## Exercise brief
Quote only the span from the first line of the entries to the line containing "Zapraszamy uczniów klas", both ends kept. Leave every picture out.

--- Data to examine ---

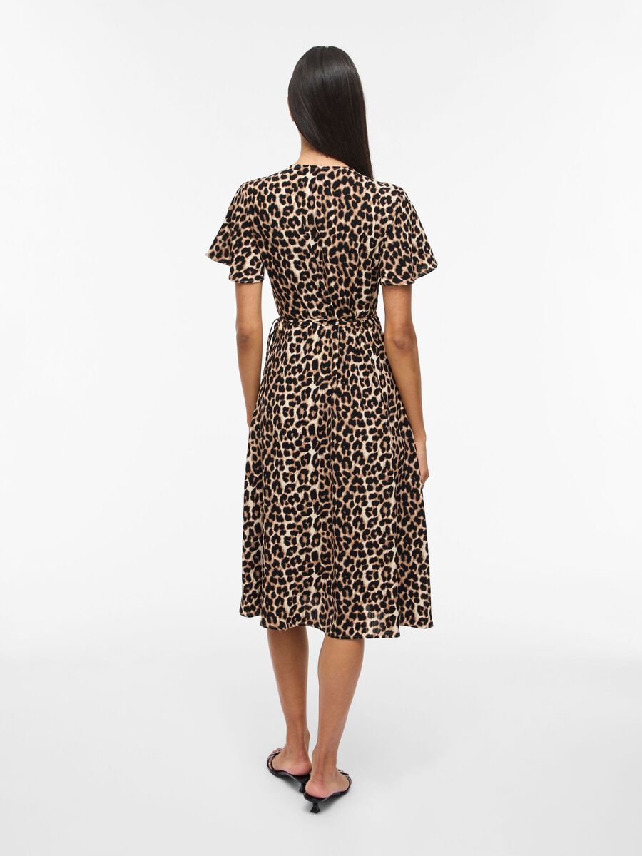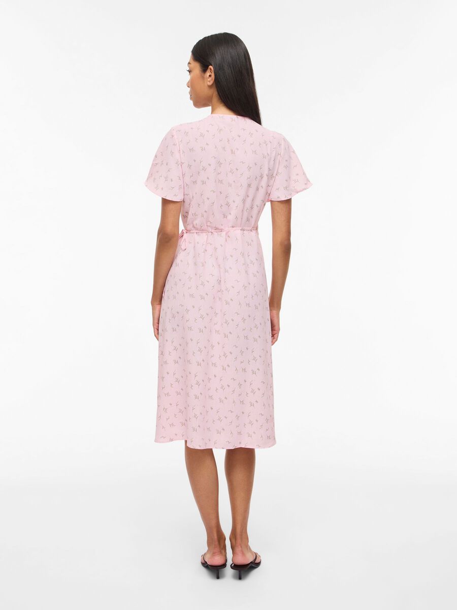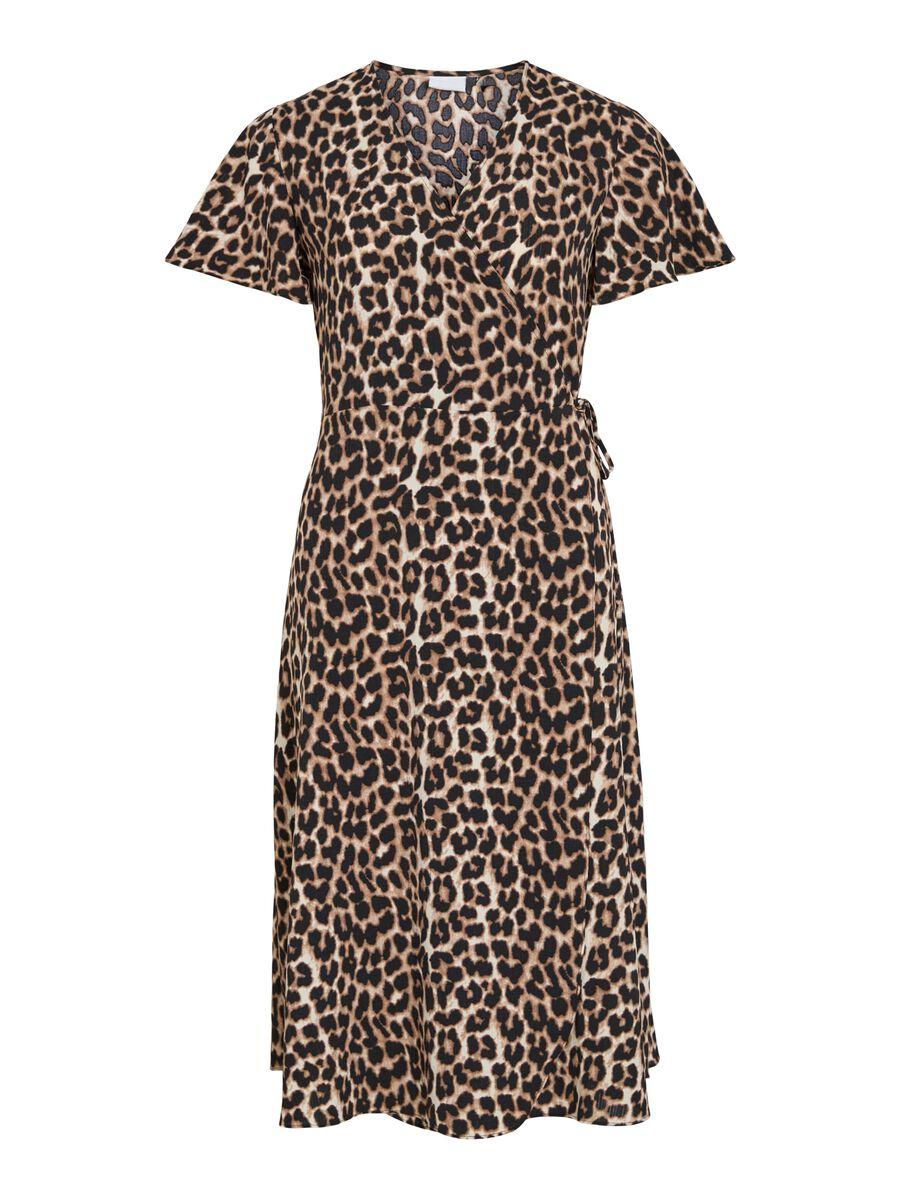 Fin lang slå om kjole fra VILA med mønster, med V-hals og korte ærmer.
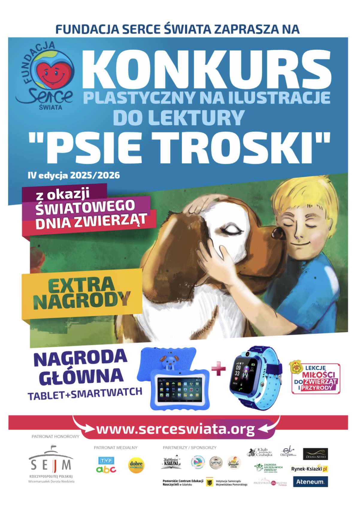 Zapraszamy uczniów klas 0- 3 do udziału w IV edycji międzynarodowego konkursu plastycznego pt. „Psie troski” organizowanego z okazji Światowego Dnia Zwierząt przez Fundację „Serce świata" .
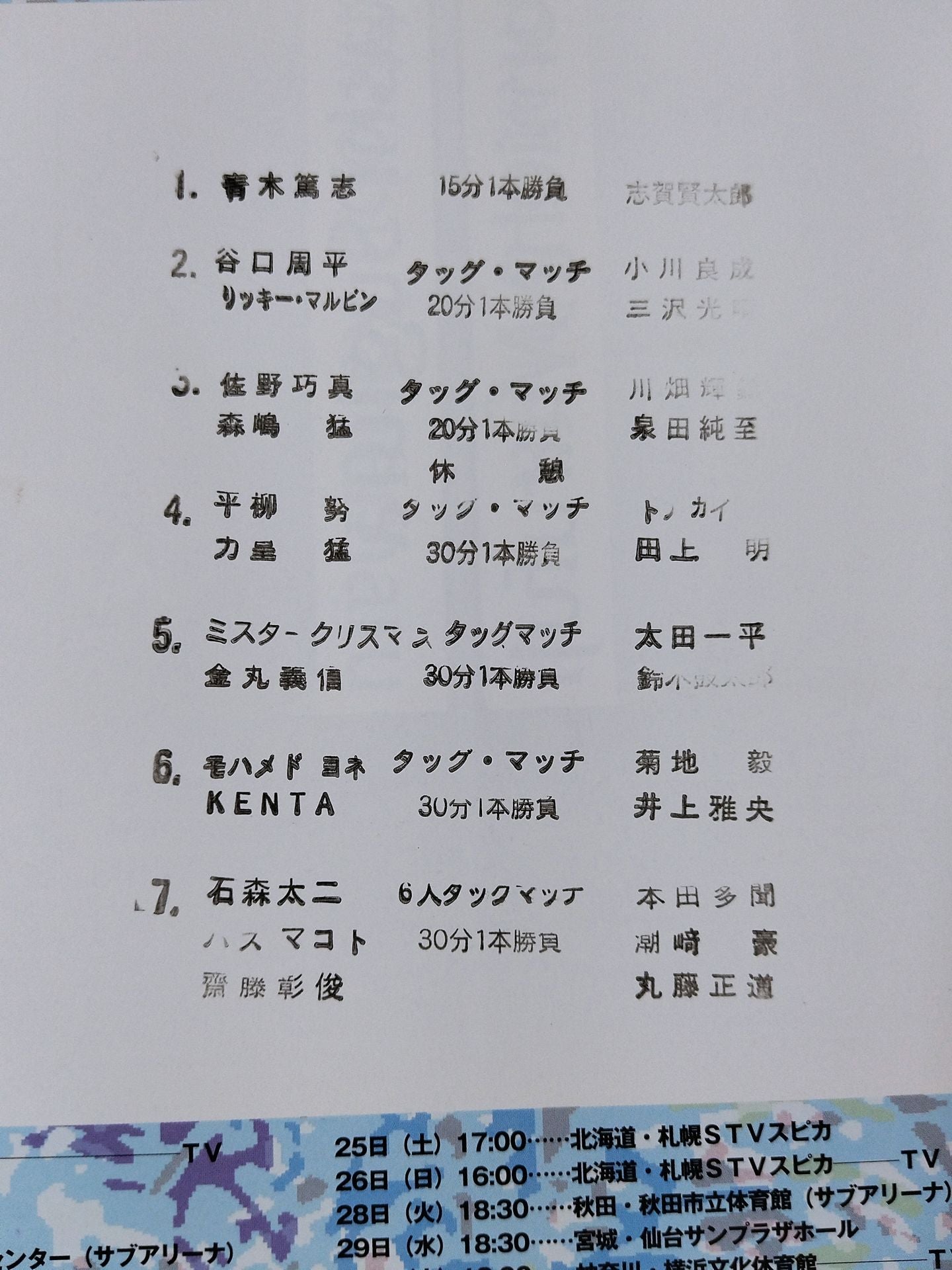 2006 Venue: Diffa Ariake / stamped with list of matches : Akitoshi Saito & Koto Hasuma ( Makoto Hashi )&Taiji Ishimori vs Naomichi Marufuji &Go Shiozaki &Tamon Honda NOAHful Gift in Differ’06
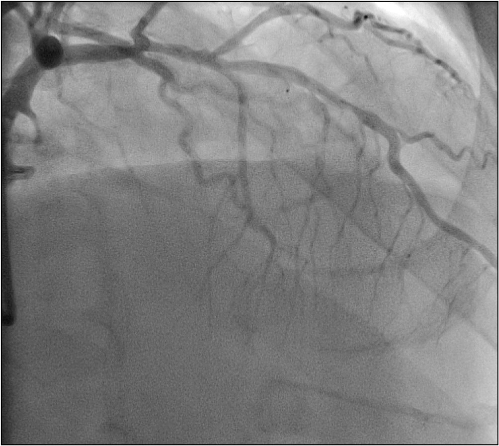Sedmašedesátiletý muž byl v listopadu roku 2017 vyšetřen v katetrizační laboratoři Pracoviště invazivní a intervenční kardiologie Interní kardiologické kliniky FN Brno pro tři měsíce trvající progresi námahové dušnosti do funkční třídy NYHA III, nový záchyt fibrilace síní, přechodných depresí úseku ST v inferiorních svodech a echokardiografický nález systolické dysfunkce levé komory s globální hypokontraktilitou akcentovanou v oblasti baze dolní stěny a s celkovou ejekční frakcí levé komory 40 %. Koronarografie odhalila významnou stenózu ramus interventricularis anterior (RIA) levé věnčité tepny s angiografickou redukcí lumen přibližně 70 % a chronický uzávěr pravé věnčité tepny (arteria coronaria dextra, ACD) s dobře patrným kolaterálním zásobením z levé věnčité tepny (obr. 1–3 a video 1–3).
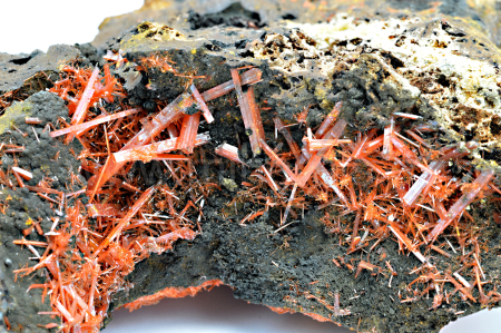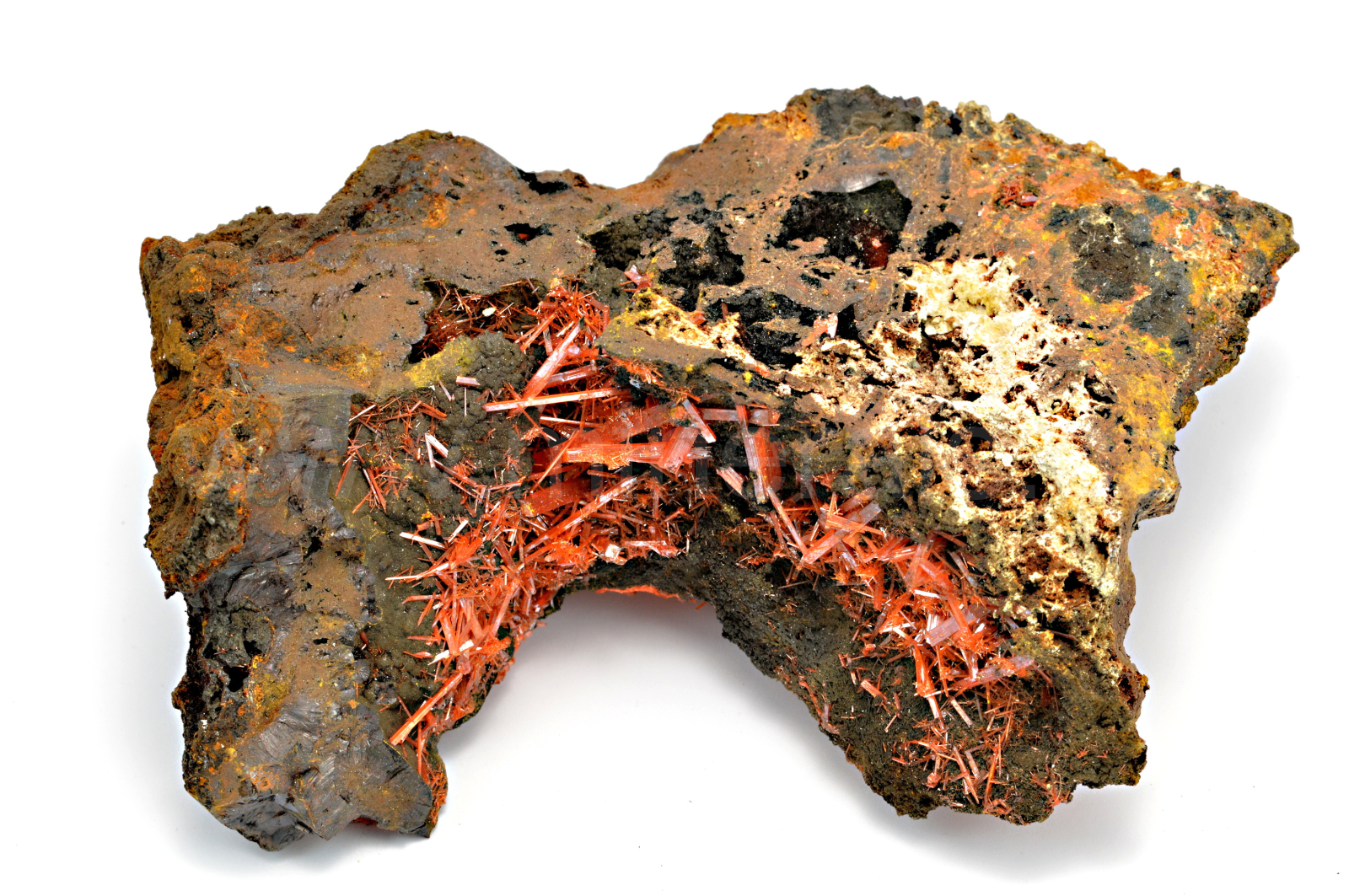 Krokoit vytváří sytě červené, oranžovočervené, průsvitné, skelně lesklé, protažené krystaly dosahující délky až 15 mm, které se navzájem prorůstají a narůstají na limonitickou podložku.

---

## Solution to the exercise
 Fin lang slå om kjole fra VILA med mønster, med V-hals og korte ærmer.
 Zapraszamy uczniów klas 0- 3 do udziału w IV edycji międzynarodowego konkursu plastycznego pt. „Psie troski” organizowanego z okazji Światowego Dnia Zwierząt przez Fundację „Serce świata" .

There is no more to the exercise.